I tried giving an alias to count() with something like 'WITH count(u) as members' after the MATCH, but that gives me the total count of all members in common across all paths.. not the count for a given path.

I feel I am very close to the answer but the syntax still eludes me.

You are close, but you're trying to do everything at the same time. You need to aggregate first, then use the the result of the aggregation in the MERGE of the relationship.

Also you'll want to add some filtering to avoid mirrored results (where the same groups come up on at least two rows, just switching which one is g1 and which one is g2), and that's best done by adding an inequality filter on the ids of the nodes.

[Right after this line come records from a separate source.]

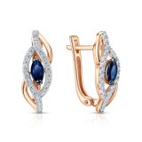 Золотые серьги с бриллиантами природными и сапфирами природными
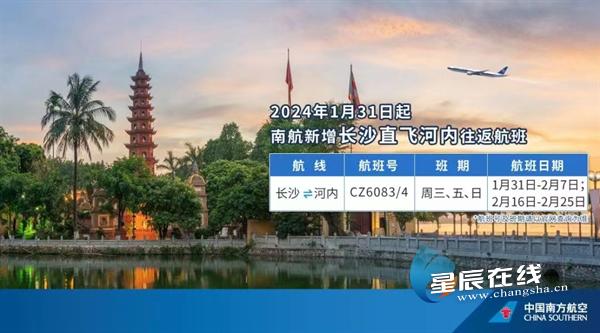 (1月31日起,长沙↔河内的航线每周三、五、七执行,当日往返。)
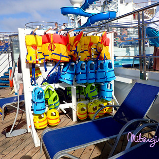 Something VERY INTERESTING...and I'm not sure if this is coming out on ALL the Carnival ships...but kudos to Carnival for doing this. I imagine with all of the drownings of children, they have come up with a partial solution. They had life jackets out on the deck for people to use if needed. Now let's just hope those parents that know their children can't swim or are not good swimmers, use them.
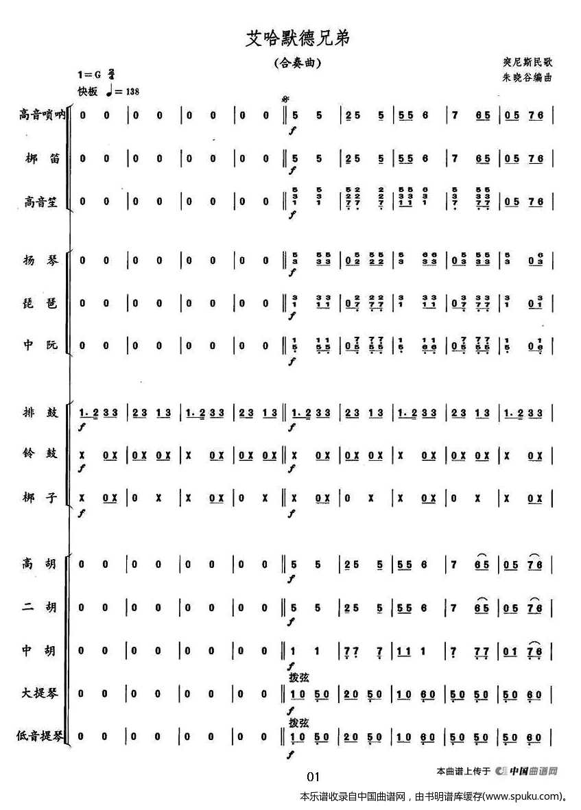 > 艾哈默德兄弟 突尼斯民歌 合奏 乐器谱

Also the MERGE should probably remove direction, if the direction doesn't matter to you, otherwise it's possible you could get results where you've created two relationships between a set of group nodes, going the opposite direction from each other.

MATCH (g1:Group)< -[:IS_MEMBER_OF]-(u:Person)-[:IS_MEMBER_OF]- >(g2:Group) 
WHERE id(g1) < id(g2)
WITH g1, g2, count(u) as personCount
MERGE (g1)-[r:SHARES_MEMBERS_WITH]-(g2) 
SET r.members_count = personCount
RETURN g1.group_id,g2.group_id, personCount // only if you actually need data returned.

Thanks for sending me on the right track!
Your query returns all relationships in duplicates even with the filter but at least I get the right count per relationship, so I can work with that. I will check if it is something in my data.

If there are duplicates coming back, then one of two things is likely happening:

  1. You might already have :SHARES_MEMBER_WITH relationships between nodes, and if there are multiple relationships between two nodes already present, the MERGE would match to those relationships, and your return would contain multiple rows with the same two groups and person count.

  2. Multiple :Group nodes may exist with the same group_id, which could make it seem like duplicate results, but the nodes are actually different.

I'd wager the first case is what's going on, let us know what you find.

That was indeed the first case. Duplicates vanished after I deleted the past relationships.

Thanks again! That allowed be to turn a whole python script into a single line of Cypher :slight_smile: